→ Action item
Restate word for word the lines of the records below, starting at the line that contains "أن يعرضوا له" and ending at the line that contains "Vous pouvez approuver", with both of those lines included and nothing else.
+++ The data +++
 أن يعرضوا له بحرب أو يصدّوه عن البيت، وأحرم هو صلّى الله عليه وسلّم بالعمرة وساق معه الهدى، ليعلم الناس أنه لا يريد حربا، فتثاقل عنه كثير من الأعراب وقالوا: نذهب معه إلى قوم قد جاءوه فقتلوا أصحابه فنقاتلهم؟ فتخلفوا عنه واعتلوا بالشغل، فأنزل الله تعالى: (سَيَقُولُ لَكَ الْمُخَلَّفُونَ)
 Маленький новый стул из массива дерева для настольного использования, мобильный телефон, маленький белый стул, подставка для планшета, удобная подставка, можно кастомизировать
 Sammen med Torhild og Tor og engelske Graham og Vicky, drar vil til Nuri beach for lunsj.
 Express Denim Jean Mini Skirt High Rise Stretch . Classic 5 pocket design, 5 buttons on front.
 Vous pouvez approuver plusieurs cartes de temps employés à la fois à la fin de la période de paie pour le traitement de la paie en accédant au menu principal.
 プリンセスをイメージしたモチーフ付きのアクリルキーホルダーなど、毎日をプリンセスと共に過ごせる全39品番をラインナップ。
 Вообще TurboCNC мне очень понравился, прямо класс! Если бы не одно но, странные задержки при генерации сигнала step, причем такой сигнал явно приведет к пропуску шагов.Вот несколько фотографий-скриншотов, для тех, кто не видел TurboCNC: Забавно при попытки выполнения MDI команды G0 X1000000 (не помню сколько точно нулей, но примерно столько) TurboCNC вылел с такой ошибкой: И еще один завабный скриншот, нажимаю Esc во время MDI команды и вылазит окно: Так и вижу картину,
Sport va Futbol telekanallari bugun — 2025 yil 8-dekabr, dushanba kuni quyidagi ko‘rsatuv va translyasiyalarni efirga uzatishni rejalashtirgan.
+++
+++ The data +++
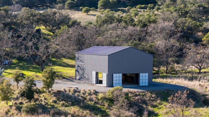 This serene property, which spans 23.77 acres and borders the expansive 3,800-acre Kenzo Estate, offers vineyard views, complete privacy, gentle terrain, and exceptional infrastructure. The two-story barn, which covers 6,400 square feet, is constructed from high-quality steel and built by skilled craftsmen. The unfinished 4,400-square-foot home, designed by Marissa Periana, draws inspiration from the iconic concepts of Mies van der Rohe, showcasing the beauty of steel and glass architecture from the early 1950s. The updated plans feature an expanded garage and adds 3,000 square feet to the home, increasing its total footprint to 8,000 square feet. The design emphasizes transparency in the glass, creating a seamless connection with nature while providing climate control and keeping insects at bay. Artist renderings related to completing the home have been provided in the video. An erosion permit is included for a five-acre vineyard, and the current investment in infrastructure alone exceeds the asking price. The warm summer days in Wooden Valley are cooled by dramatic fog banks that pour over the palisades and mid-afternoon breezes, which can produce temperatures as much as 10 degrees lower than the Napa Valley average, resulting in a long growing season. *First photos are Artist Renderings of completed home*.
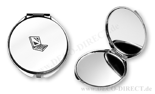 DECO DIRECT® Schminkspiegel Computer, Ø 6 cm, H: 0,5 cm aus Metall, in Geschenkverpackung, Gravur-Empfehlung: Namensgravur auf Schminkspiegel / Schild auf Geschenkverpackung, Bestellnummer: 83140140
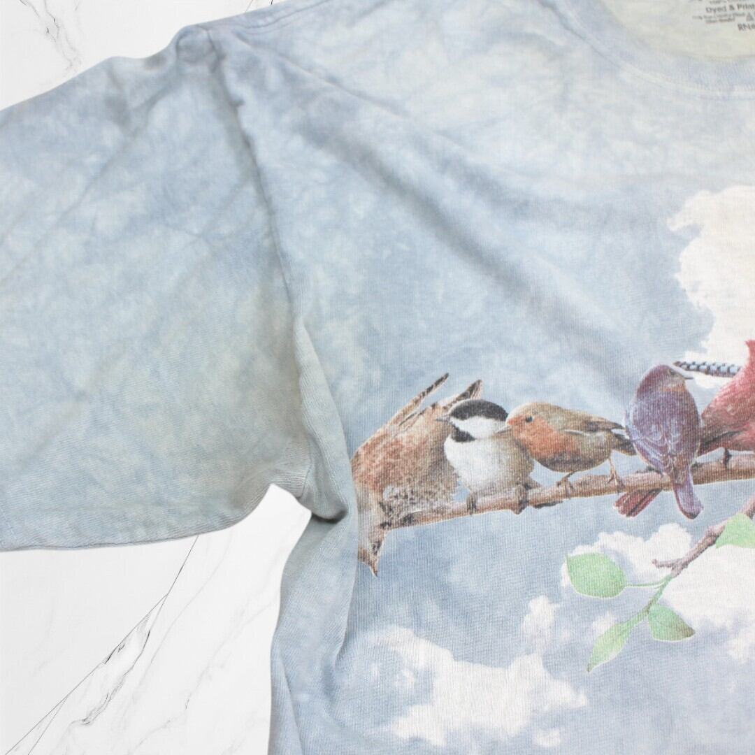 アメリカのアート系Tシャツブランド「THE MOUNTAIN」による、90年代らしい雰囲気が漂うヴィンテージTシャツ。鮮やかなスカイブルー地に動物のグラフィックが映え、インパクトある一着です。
+++
+++ The data +++
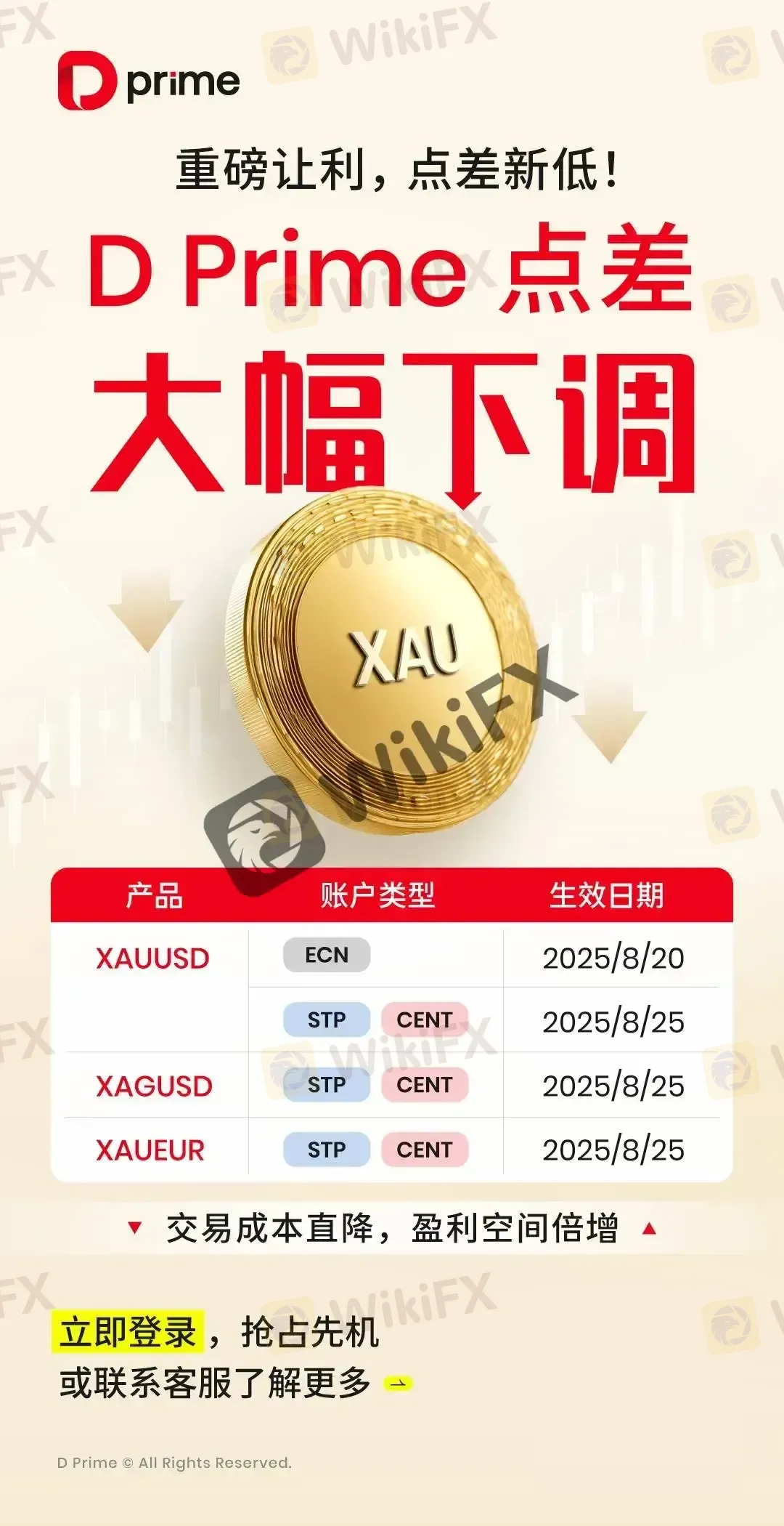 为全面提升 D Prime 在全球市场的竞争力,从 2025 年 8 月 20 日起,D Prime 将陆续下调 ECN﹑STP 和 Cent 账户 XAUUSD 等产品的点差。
+++
→ Answer below
 أن يعرضوا له بحرب أو يصدّوه عن البيت، وأحرم هو صلّى الله عليه وسلّم بالعمرة وساق معه الهدى، ليعلم الناس أنه لا يريد حربا، فتثاقل عنه كثير من الأعراب وقالوا: نذهب معه إلى قوم قد جاءوه فقتلوا أصحابه فنقاتلهم؟ فتخلفوا عنه واعتلوا بالشغل، فأنزل الله تعالى: (سَيَقُولُ لَكَ الْمُخَلَّفُونَ)
 Маленький новый стул из массива дерева для настольного использования, мобильный телефон, маленький белый стул, подставка для планшета, удобная подставка, можно кастомизировать
 Sammen med Torhild og Tor og engelske Graham og Vicky, drar vil til Nuri beach for lunsj.
 Express Denim Jean Mini Skirt High Rise Stretch . Classic 5 pocket design, 5 buttons on front.
 Vous pouvez approuver plusieurs cartes de temps employés à la fois à la fin de la période de paie pour le traitement de la paie en accédant au menu principal.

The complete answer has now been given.